The server can also be used to create validation gates in a continuous integration and deployment pipeline. For example, you can start the server with the candidate script and run the test suite against the local endpoint.
This article mainly targets users who want to use the inference server to debug locally, but it will also help you understand how to use the inference server with online endpoints.
Important
This feature is currently in public preview. This preview version is provided without a service-level agreement, and it's not recommended for production workloads. Certain features might not be supported or might have constrained capabilities. For more information, see Supplemental Terms of Use for Microsoft Azure Previews.
Online endpoint local debugging
Debugging endpoints locally before deploying them to the cloud can help you catch errors in your code and configuration earlier. To debug endpoints locally, you could use:
- the Azure Machine Learning inference HTTP server
- a local endpoint
This article focuses on the Azure Machine Learning inference HTTP server.
The following table provides an overview of scenarios to help you choose what works best for you.
Scenario | Inference HTTP server | Local endpoint |
---|---|---|
Update local Python environment without Docker image rebuild | Yes | No |
Update scoring script | Yes | Yes |
Update deployment configurations (deployment, environment, code, model) | No | Yes |
Integrate VS Code Debugger | Yes | Yes |
By running the inference HTTP server locally, you can focus on debugging your scoring script without being affected by the deployment container configurations.
Prerequisites
- Requires: Python >=3.7
- Anaconda
Tip
The Azure Machine Learning inference HTTP server runs on Windows and Linux based operating systems.
Installation
Note
To avoid package conflicts, install the server in a virtual environment.

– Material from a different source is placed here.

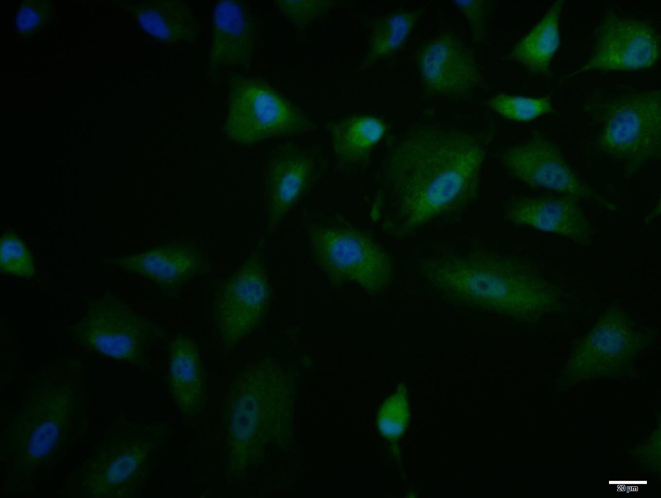 A549 cell; 4% Paraformaldehyde-fixed; Triton X-100 at room temperature for 20 min; Blocking buffer (normal goat serum, C-0005) at 37°C for 20 min; Antibody incubation with (IL-15) polyclonal Antibody, Unconjugated (bs-1829R) 1:100, 90 minutes at 37°C; followed by a conjugated Goat Anti-Rabbit IgG antibody at 37°C for 90 minutes, DAPI (blue, C02-04002) was used to stain the cell nuclei.

To install the azureml-inference-server-http package
, run the following command in your cmd/terminal:
python -m pip install azureml-inference-server-http
Debug your scoring script locally
To debug your scoring script locally, you can test how the server behaves with a dummy scoring script, use VS Code to debug with the azureml-inference-server-http package, or test the server with an actual scoring script, model file, and environment file from our examples repo.

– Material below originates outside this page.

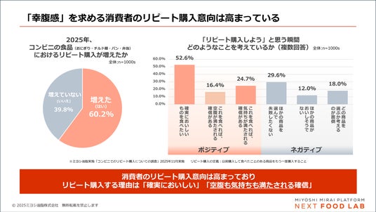 さらに、消費者調査の結果から、「幸腹感」と「リピート購入(※2)」の関係に着目し検証。消費者は、再現性のある「幸腹感」を求めて「リピート購入」を増やしていることが分かりました。

Test the server behavior with a dummy scoring script
Create a directory to hold your files:
mkdir server_quickstart cd server_quickstart
To avoid package conflicts, create a virtual environment and activate it:
python -m venv myenv source myenv/bin/activate
Tip
After testing, run
deactivate
to deactivate the Python virtual environment.Install the
azureml-inference-server-http
package from the pypi feed:python -m pip install azureml-inference-server-http
Create your entry script (
score.py
). The following example creates a basic entry script:echo ' import time def init(): time.sleep(1) def run(input_data): return {"message":"Hello, World!"} ' > score.py
Start the server (azmlinfsrv) and set
score.py
as the entry script:azmlinfsrv --entry_script score.py
Note
The server is hosted on 0.0.0.0, which means it will listen to all IP addresses of the hosting machine.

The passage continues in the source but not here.